Records shown
################

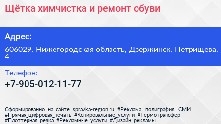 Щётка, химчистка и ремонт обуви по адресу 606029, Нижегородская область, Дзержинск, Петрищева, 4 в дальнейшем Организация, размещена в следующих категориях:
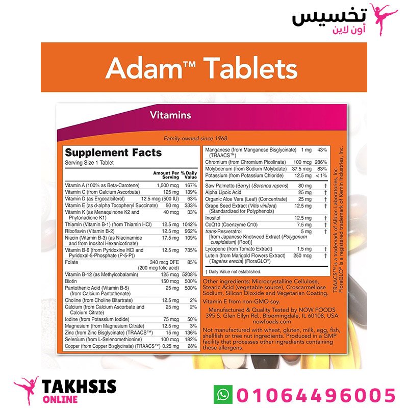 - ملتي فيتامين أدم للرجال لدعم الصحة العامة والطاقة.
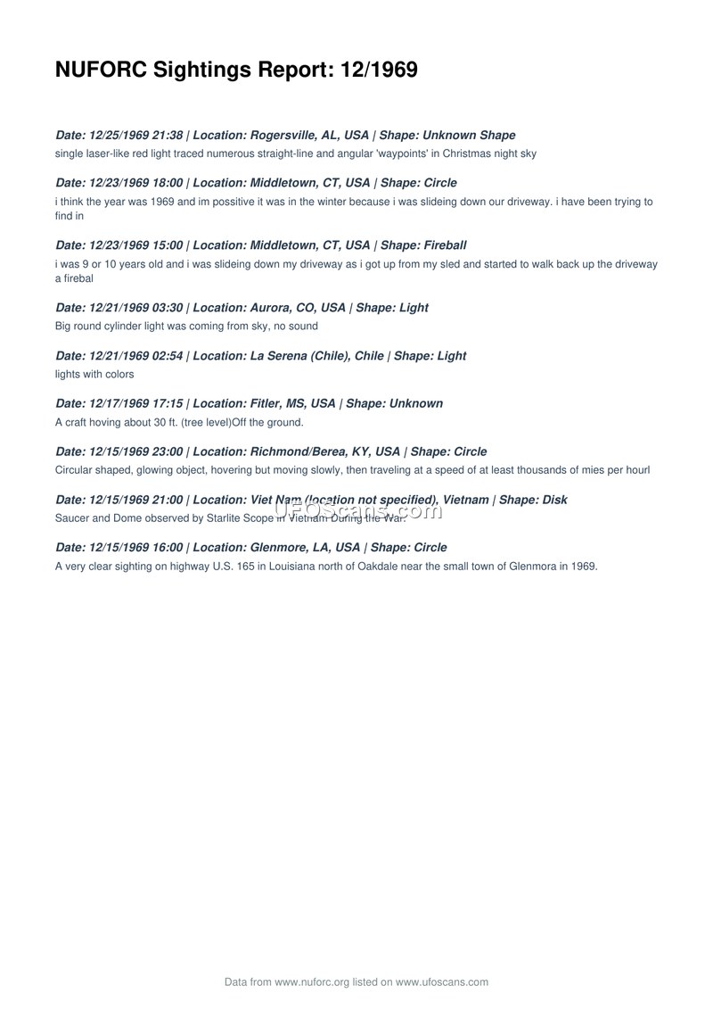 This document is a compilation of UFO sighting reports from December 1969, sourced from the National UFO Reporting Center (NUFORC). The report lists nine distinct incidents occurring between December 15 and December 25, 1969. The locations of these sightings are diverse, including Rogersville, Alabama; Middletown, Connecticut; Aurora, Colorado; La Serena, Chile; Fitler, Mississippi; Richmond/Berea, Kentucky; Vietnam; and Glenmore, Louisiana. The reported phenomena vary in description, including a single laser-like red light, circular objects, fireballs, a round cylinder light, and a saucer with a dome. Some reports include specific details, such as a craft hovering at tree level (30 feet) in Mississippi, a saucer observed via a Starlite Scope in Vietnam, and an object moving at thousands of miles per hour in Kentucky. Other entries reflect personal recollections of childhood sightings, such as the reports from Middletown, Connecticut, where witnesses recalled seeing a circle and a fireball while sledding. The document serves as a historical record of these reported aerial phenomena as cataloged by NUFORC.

################

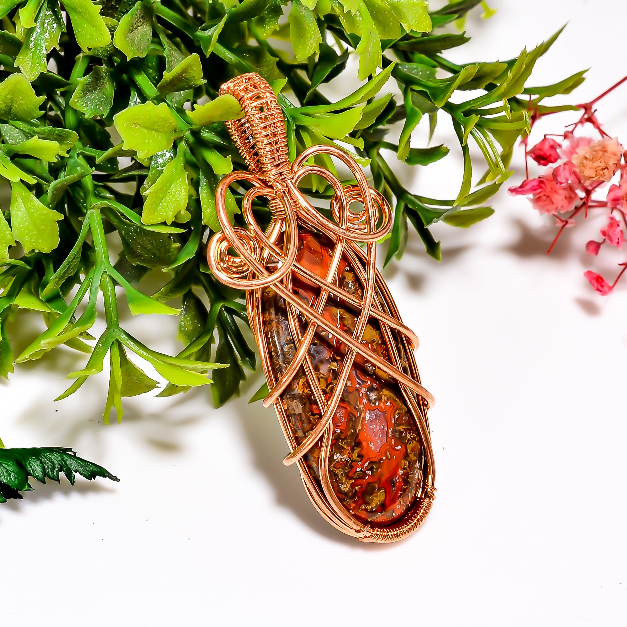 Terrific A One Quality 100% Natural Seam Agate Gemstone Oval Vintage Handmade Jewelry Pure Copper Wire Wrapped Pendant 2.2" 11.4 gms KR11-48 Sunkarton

################

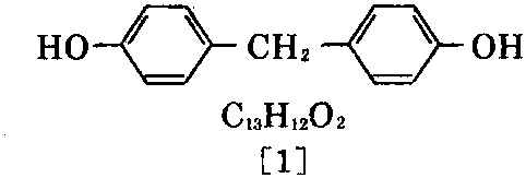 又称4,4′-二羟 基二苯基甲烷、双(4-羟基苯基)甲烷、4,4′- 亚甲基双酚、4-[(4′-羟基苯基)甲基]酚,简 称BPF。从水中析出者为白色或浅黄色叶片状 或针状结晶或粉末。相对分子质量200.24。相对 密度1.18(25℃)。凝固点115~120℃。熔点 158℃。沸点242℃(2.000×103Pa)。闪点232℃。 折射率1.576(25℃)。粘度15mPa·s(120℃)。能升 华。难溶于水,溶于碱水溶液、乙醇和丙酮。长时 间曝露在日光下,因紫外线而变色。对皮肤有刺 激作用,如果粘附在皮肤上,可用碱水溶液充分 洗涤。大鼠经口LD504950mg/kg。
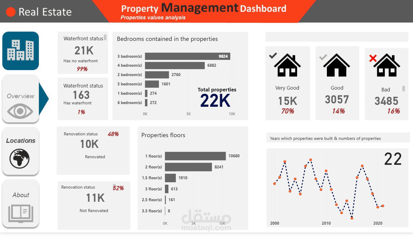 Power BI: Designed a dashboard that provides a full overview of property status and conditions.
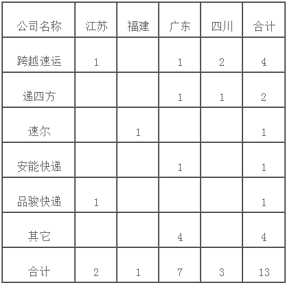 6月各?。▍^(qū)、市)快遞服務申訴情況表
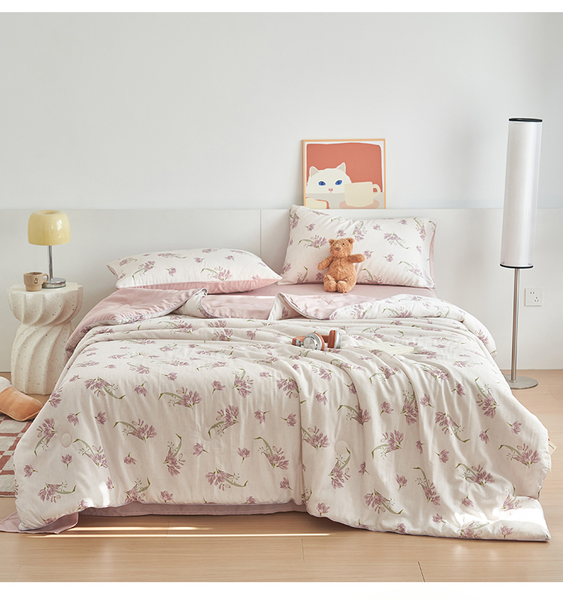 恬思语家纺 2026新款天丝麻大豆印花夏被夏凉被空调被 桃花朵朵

################

Try it
Take only the lines above from the one that has "Щётка, химчистка и" through the one that has "This document is" and reproduce them exactly, omitting any pictures.

Task response
 Щётка, химчистка и ремонт обуви по адресу 606029, Нижегородская область, Дзержинск, Петрищева, 4 в дальнейшем Организация, размещена в следующих категориях:
 - ملتي فيتامين أدم للرجال لدعم الصحة العامة والطاقة.
 This document is a compilation of UFO sighting reports from December 1969, sourced from the National UFO Reporting Center (NUFORC). The report lists nine distinct incidents occurring between December 15 and December 25, 1969. The locations of these sightings are diverse, including Rogersville, Alabama; Middletown, Connecticut; Aurora, Colorado; La Serena, Chile; Fitler, Mississippi; Richmond/Berea, Kentucky; Vietnam; and Glenmore, Louisiana. The reported phenomena vary in description, including a single laser-like red light, circular objects, fireballs, a round cylinder light, and a saucer with a dome. Some reports include specific details, such as a craft hovering at tree level (30 feet) in Mississippi, a saucer observed via a Starlite Scope in Vietnam, and an object moving at thousands of miles per hour in Kentucky. Other entries reflect personal recollections of childhood sightings, such as the reports from Middletown, Connecticut, where witnesses recalled seeing a circle and a fireball while sledding. The document serves as a historical record of these reported aerial phenomena as cataloged by NUFORC.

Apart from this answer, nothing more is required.